Comparison of the concentration distribution of closed endoscopy in Case 4. When we turned off all the heat sources (Case 8) in the room, including all manikins, the concentrations at points 5 and 6 dropped dramatically, while the concentration at points 2 and 3 increased. This suggests that in the absence of a thermal plume, pollutants may spread horizontally rather than vertically. In Case 9, the surgical lamp was raised by 10 cm, and the results showed that the concentration at point 2 and point 4 decreased compared with those in Case 4, while the concentration at point 6 increased. Original data for of all measurements can be found in Appendix 1 and Appendix 2.

Air change efficiency and local air change index

The air change efficiency and local air change index were used to evaluate the performance of airflow distribution at these measurement points. Air change efficiency represents the performance of the air distribution of the ventilation system in the room. The calculated value of the air change efficiency of the OR is 49.24%, 49.91%, and 50.18% at −5 Pa, −15 Pa, and −25 Pa, respectively. For a mixing ventilated room, the ideal air change efficiency is 50%, and it may be lower due to air recirculation and higher due to a better air distribution method. Fig. 6 shows the local air change index by using the measurement results. As explained in Section 2.5, the local air change index indicates the ratio of the time it takes for air to reach the exhaust to the time it takes to reach a specific position in the room. The ideal value in a mixing ventilation room is 100%. If the index at a point is less than 100%, it means that the air reaches this point more slowly than the air reaches the exhaust, and vice versa. Fig. 6 shows the local air change index from point 2 to point 6. From the figure, we can see that the local air change index of points 2, 3, and 4 is similar to the trend of pressure; that is, the increase in pressure will increase the local air change index of these points. Among them, point 3 has the largest variation range, which increases from 75.26%, which is the lowest value, at −5 Pa to 108.56% at −25 Pa. However, this value is the lowest among the three points at −5 Pa and −15 Pa. Among the three points, the index of point 4 is the highest in each pressure difference condition, which are 104.47%, 111.94%, and 119.94% at −5 Pa, −15 Pa, and −25 Pa, respectively. The index value of point 2 also increased steadily from 92.38% at −5 Pa to 105.45% at −25 Pa.
Fig. 6

Local air change index of each surgical staff breathing zone.
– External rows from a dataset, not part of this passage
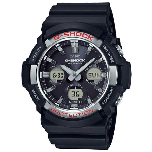 【CASIO】G-SHOCK 強悍太陽能金屬框三眼錶-黑面銀框(GAS-100-1A)正版宏崑公司貨
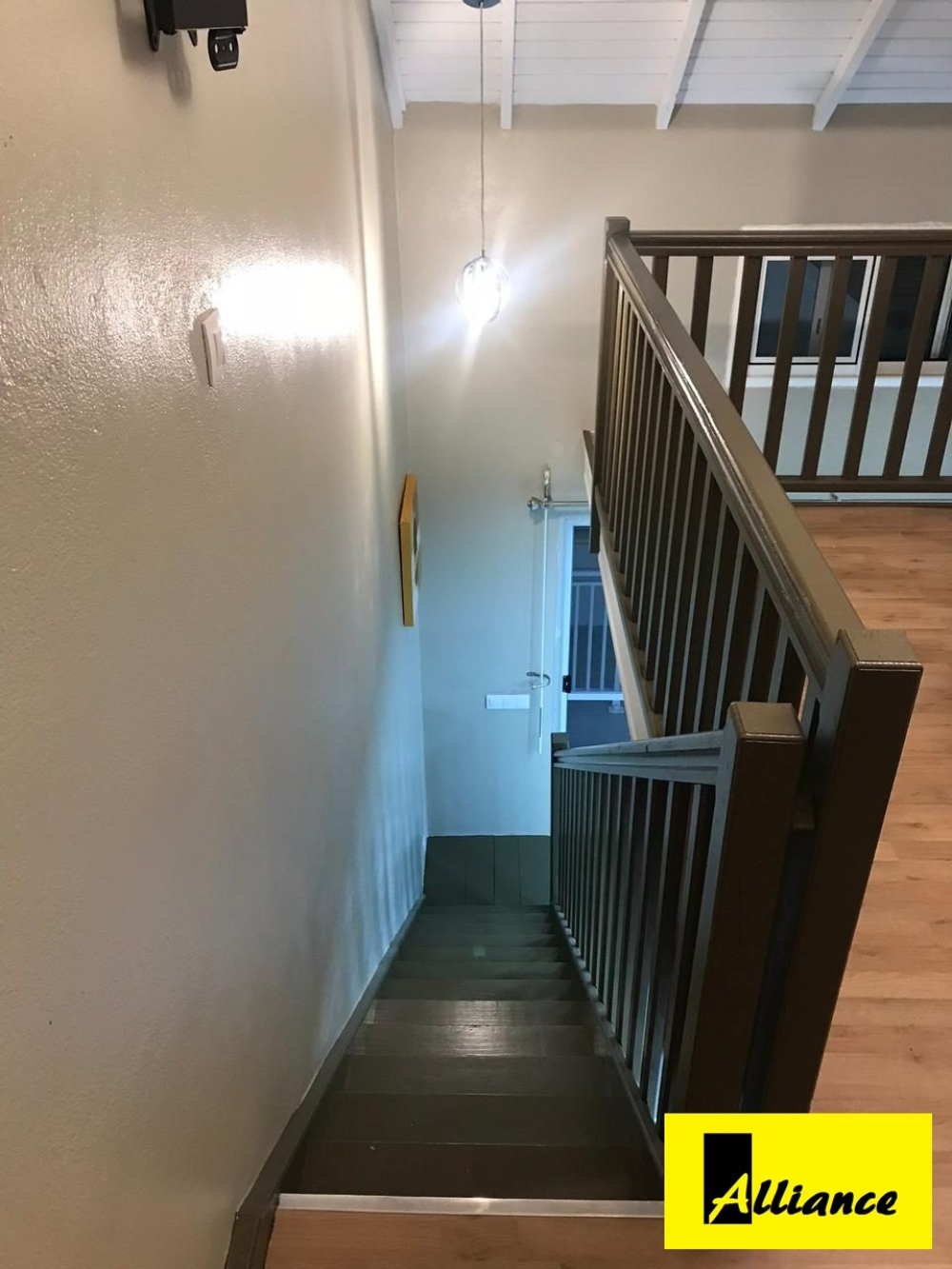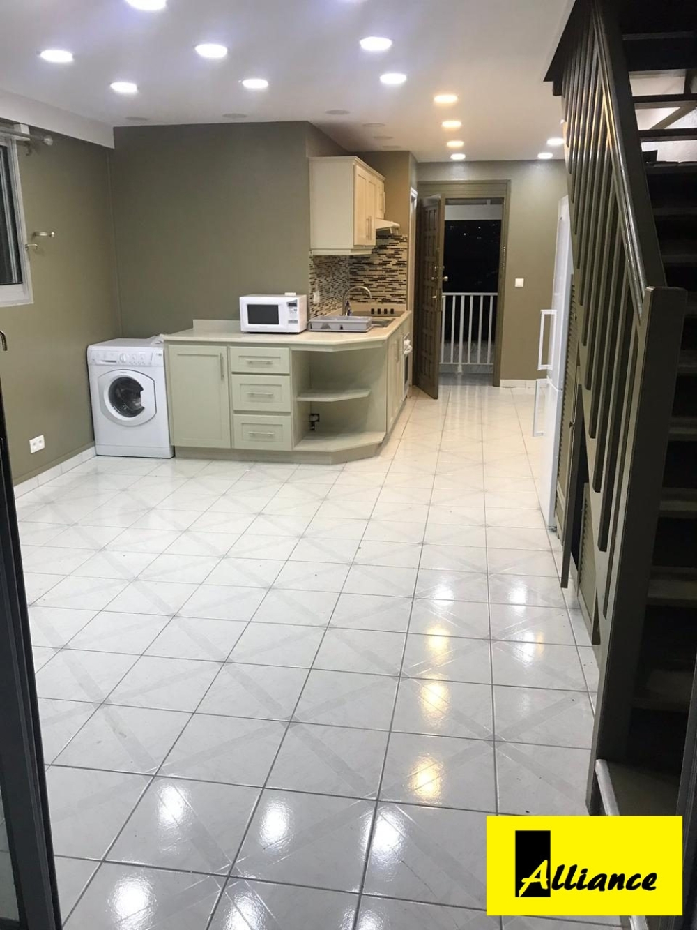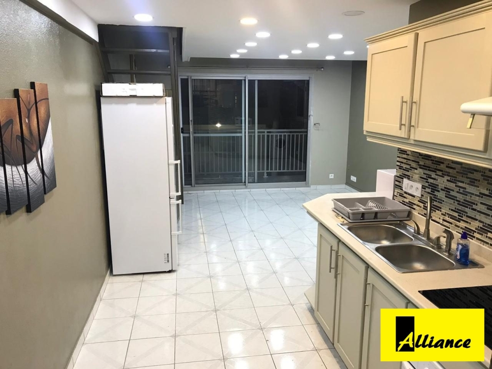 Une entrée, 1 salon, 1 cuisine, 1 sanitaire et un balcon. A l'étage, 1 grande chambre avec lit king size. Parties communes sous vidéo surveillance. Proche commerces et administrations. Loyer1180€ hors eau et EDF
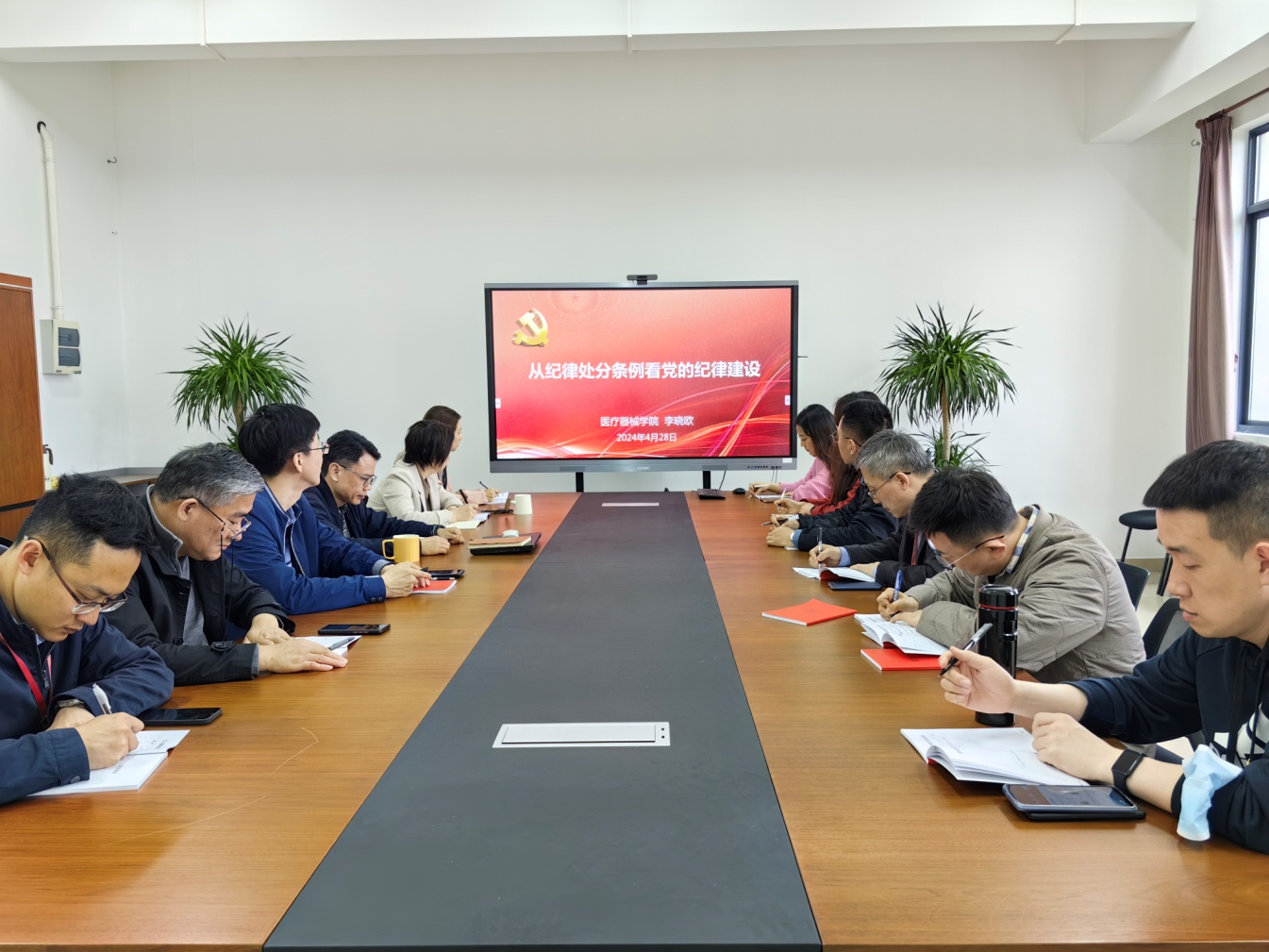 为扎实推进党纪学习教育,进一步增强党员纪律意识,4月28日上午,医疗器械学院党总支在南苑18号楼506室开展中心组学习,学院党总支书记李晓欧讲专题党纪党课“从纪律处分条例看党的纪律建设”,学院中心组成员参加学习。
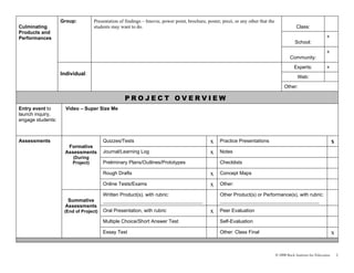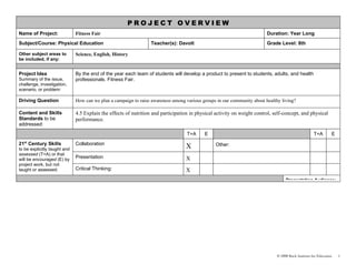The project involves students developing a campaign to raise awareness in the community about healthy living and presenting their findings at a Fitness Fair. Over the course of a year, student teams will research how nutrition, physical activity, and other lifestyle factors affect health. They will address content standards on these topics and practice collaboration, critical thinking, and presentation skills. Students will be assessed through tests, presentations, peer and self-evaluations, and a final class exam. The teacher will provide lessons on campaign development, health topics, and presentation skills to support students' work.

Local air change index of each surgical staff breathing zone. The local air change index at point 5 and point 6 is greater than 100% under all pressure conditions, but it does not show the same change pattern as the first three points. As the pressure increased, the local air change index at point 5 increased slightly from 114.28% (-5 Pa) to 117.11% (-15 Pa) but decreased to 102.69% (-25 Pa). The local air change index at point 6 also experienced an increase, from 102.59% (-5 Pa) to 124.49 (-15 Pa), and then decreased to 111.73% at −25 Pa. The original measured data and the calculated value of λ can be found in Appendix 3 and Appendix 4.

Temperature and velocity distribution of the thermal plume above the wound (Case 4)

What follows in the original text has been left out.